# Substrate Swap - ideas, suggestions?



## welchrock (Jan 4, 2008)

**As a background - I am transitioning from a super-low light fluorescent setup to a 1.7 watts-per-gallon setup. To improve the look of the tank and hold low-light plants, I have purchased some pool sand.**

I am planning on swapping out my pea-sized gravel for pool sand, and I was wondering if anyone had any suggestions. Are there any tricks or is it just simply elbow grease and patience? I would hope I'm ok to do this with all the fish in the tank.

I plan on doing it in at least two stages, so as not to over-stress the fish.

Anyone who has done this or has expertise in this area, your assistance is appreciated!

(I have also read that my setup would not benefit from enriched substrate, such as Aquasoil/Eco-Complete...but dissenting opinions on this would be welcomed!)


----------



## gil_ong (Apr 15, 2008)

don't do it all at once. you loose enough "good stuff" in the gravel to force your tank to cycle again. i found out the hard way.


----------



## welchrock (Jan 4, 2008)

I think to be safe I'll do it over at least three different stages. 

Thanks for that personal advice...sorry for any deaths you may have had!


----------



## Guest (Jul 3, 2008)

I've done it all at once several times without issues.

But, if you want to be safe, do it like you said in 2 stages. Take half out and replace each time. You'll want to take out as much water as you can. 
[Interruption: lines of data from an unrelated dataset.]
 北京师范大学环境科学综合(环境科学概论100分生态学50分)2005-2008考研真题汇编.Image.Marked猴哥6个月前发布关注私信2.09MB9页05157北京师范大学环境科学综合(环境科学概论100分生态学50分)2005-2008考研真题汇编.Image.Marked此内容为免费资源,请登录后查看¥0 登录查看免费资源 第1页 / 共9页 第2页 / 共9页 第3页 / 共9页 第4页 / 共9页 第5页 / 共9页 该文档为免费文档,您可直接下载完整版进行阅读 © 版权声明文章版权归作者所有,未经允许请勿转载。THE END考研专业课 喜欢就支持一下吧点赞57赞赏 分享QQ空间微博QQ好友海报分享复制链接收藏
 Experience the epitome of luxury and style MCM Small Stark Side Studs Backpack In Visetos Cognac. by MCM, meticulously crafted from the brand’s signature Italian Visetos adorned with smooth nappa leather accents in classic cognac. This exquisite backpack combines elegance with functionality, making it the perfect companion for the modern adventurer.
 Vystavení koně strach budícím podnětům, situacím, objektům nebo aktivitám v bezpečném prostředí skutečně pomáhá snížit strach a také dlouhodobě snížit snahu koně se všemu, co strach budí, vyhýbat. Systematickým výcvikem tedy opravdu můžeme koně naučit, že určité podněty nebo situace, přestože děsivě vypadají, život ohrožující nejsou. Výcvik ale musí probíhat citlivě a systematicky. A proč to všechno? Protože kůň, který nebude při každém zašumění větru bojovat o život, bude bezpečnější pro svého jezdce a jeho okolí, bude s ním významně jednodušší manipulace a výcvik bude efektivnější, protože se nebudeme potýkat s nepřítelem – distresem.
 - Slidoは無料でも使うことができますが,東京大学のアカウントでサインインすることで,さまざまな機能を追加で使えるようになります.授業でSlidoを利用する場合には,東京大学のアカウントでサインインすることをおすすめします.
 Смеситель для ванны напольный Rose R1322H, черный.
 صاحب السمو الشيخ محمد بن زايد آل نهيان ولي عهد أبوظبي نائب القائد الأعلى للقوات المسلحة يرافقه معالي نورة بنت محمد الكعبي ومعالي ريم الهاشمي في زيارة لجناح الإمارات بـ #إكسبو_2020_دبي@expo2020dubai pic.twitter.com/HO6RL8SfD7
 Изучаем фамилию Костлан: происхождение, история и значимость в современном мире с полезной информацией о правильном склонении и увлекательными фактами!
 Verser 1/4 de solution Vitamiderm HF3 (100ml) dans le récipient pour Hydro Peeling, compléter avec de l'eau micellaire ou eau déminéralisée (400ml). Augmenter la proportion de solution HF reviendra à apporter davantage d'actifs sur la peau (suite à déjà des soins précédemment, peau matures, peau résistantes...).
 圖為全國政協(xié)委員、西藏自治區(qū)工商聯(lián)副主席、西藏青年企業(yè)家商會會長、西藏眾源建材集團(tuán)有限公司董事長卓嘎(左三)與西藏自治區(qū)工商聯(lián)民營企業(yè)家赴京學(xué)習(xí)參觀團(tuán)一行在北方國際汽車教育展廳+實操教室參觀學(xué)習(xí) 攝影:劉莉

With 1.7wpg, you would have some stem plant options as well as other rooting plants, so having Eco Complete or Flourite would be beneficial, but its not necessary. You could even use Aquasoil IMO if you plan to have alot of stem plants. If it were me, I'd go with EC or Flourite over Aquasoil though, in low light, unless you want the pH lowering capabilities of AS.

Keep the filter media wet while you do the change. Doing half the tank at a time (or 1/3) shouldn't take too long though. You could put some of the gravel in a pantyhose/nylon if you wanted and leave it in for a couple weeks after you get done with the change to seed the new substrate.

If you are putting in light colored pool sand, I'll give you my advice......choose something else.  Or put alot of plants in so you don't see much substrate. The light colored stuff shows poo and algae really bad. I have it in part of my 55g and I hate the stuff now. Just my experience, but if you are set on it, go for it.


----------



## welchrock (Jan 4, 2008)

Hi Kristin, thanks for your input.

I actually have the pool sand from another project, so I'm not married to the idea of using it. I totally hear what you're saying when it comes to light-colored sand showing all the crap. However cost is a concern. For a 46G bowfront tank, how many pounds of "pro-quality" substrate would I need? Chances are I"ll go with EC or Flourite.

Happy 4th!


----------



## sneasle (Jun 25, 2008)

I bought 75lbs of sand for my 55g tank, in a 15lbs black to 10lbs blue ratio and mixed the two. It came out rather well. This was the Estes Ultra reef sand sold in 5lb bags for $3.50 a bag at a LFS. I did not use all of the sand. I probably have about 10-12 lbs left.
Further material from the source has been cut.